The date scanner can be used either for Denys's and Gregorian calendars. Inexistent dates are detected, they include year 0, dates between 1582-10-05 and 1582-10-14, February 29th of non leap years, months below 1 or above 12, ... the scanner does not take into account leap seconds: you can think it works only in International Atomic Time (TAI) and not in Coordinated Unified Time (UTC). If you find yourself in a situation were you need UTC, a very precise scale, and should take into account leap seconds ... you should convert your data yourself (for example using International Atomic Time).

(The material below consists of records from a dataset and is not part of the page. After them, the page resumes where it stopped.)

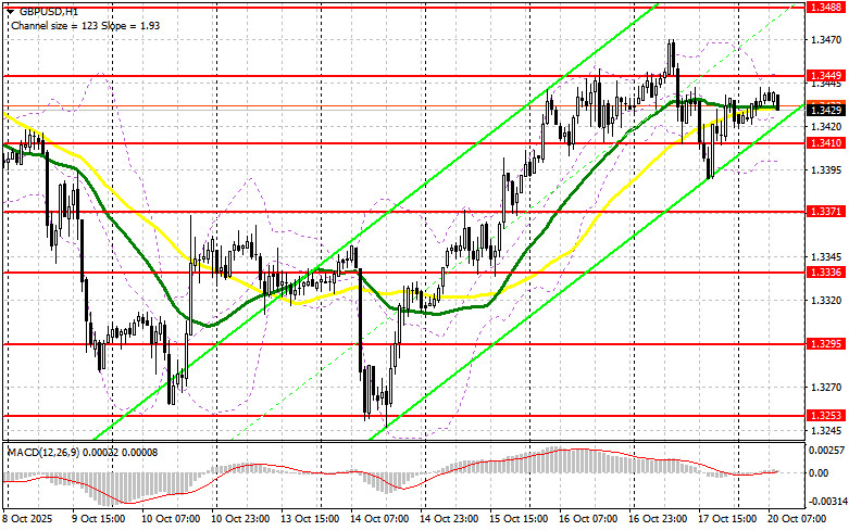 Продавцы проявили себя, но добиться серьезных результатов пока не удалось. Первоначальной задачей медведей на сегодня является защита ближайшего сопротивления 1.3449. Лишь формирование там ложного пробоя будет для меня поводом для продажи фунта с целью снижения в район поддержки 1.3410. Прорыв и обратный тест снизу вверх этого диапазона нанесут более крупный удар по позициям покупателей, приведя к сносу стоп-приказов и открыв путь к 1.3371. Самой дальней целью выступит область 1.3336, где буду фиксировать прибыль. При варианте роста GBP/USD и отсутствия активности на 1.3449 развитие бычьего рынка продолжится. В таком случае продажи лучше отложить до теста сопротивления 1.3488. Открывать там короткие позиции собираюсь лишь на ложном пробое. При отсутствии движения вниз и там я буду продавать GBP/USD сразу на отскок от 1.3525, но лишь в расчете на коррекцию пары вниз на 30-35 пунктов внутри дня.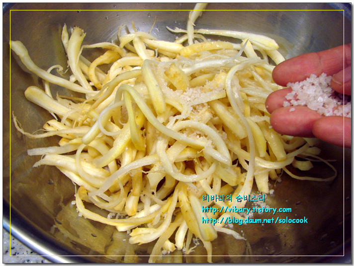 1, 도라지는 벗겨서 굵은소금 한주먹 넣고 바락바락 주물러서 헹군다음 잠시 물에 담가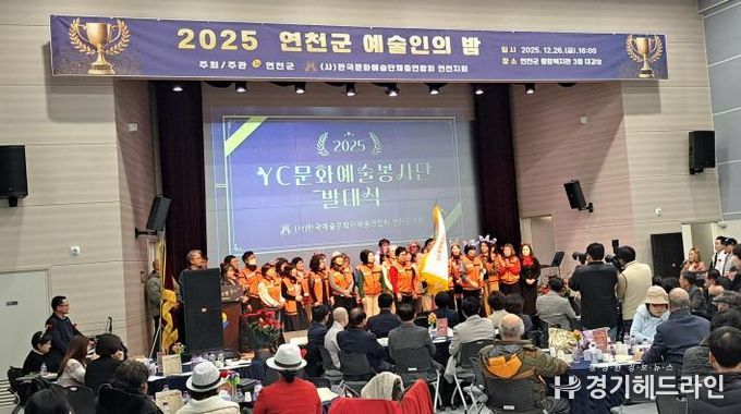[경기헤드라인=김윤종 기자] 지역 예술·문화 발전을 위해 한 해 동안 활동해 온 예술인들이 한자리에 모여 성과를 나누는 ‘2025 연천군 예술인의 밤’이 지난 26일 연천군종합복지관 대강당에서 열렸다.

But if you bother with that you probably already know what to do.

7.5 Xmgr to Grace migration guide

This is a very brief guide describing problems and workarounds for reading in project files saved with Xmgr. You should read the docs or just play with Grace to test new features and controls.

  1. Grace must be explicitly told the version number of the software used to create a file. You can manually put "@version VERSIONID" string at the beginning of the file. The VERSIONID is built as MAJOR_REV*10000 + MINOR_REV*100 + PATCHLEVEL; so 40101 corresponds to Xmgr-4.1.1. Projects saved with Xmgr-4.1.2 do NOT need the above, since they already have the version string in them. If you have no idea what version of Xmgr your file was created with, try some. In most cases, 40102 would do the trick.
  2. The above relates to the ASCII projects only. The old binary projects (saved with xmgr-4.0.*) are not automatically converted anymore. You can use the "grconvert" utility that comes with Grace to convert such files to Xmgr-4.1.2-style projects.
  3. Grace is WYSIWYG. Xmgr was not. Many changes required to achieve the WYSIWYG'ness led to the situation when graphs with objects carefully aligned under Xmgr may not look so under Grace. Grace tries its best to compensate for the differences, but sometimes you may have to adjust such graphs manually.
  4. A lot of symbol types (all except *real* symbols) are removed. "Location *" types can be replaced (with much higher comfort) by A(nnotating)values. "Impulse *", "Histogram *" and "Stair steps *" effects can be achieved using the connecting line parameters (Type, Drop lines). "Dot" symbol is removed as well; use the filled circle symbol of the zero size with no outline to get the same effect.
  5. Default page layout switched from free (allowing to resize canvas with mouse) to fixed. For the old behavior, put "PAGE LAYOUT FREE" in the Grace resource file or use the "-free" command line switch. The use of the "free" page layout is in general deprecated, though.
  6. System (shell) variables GR_* renamed to GRACE_*
  7. Smith plots don't work now. They'll be put back soon.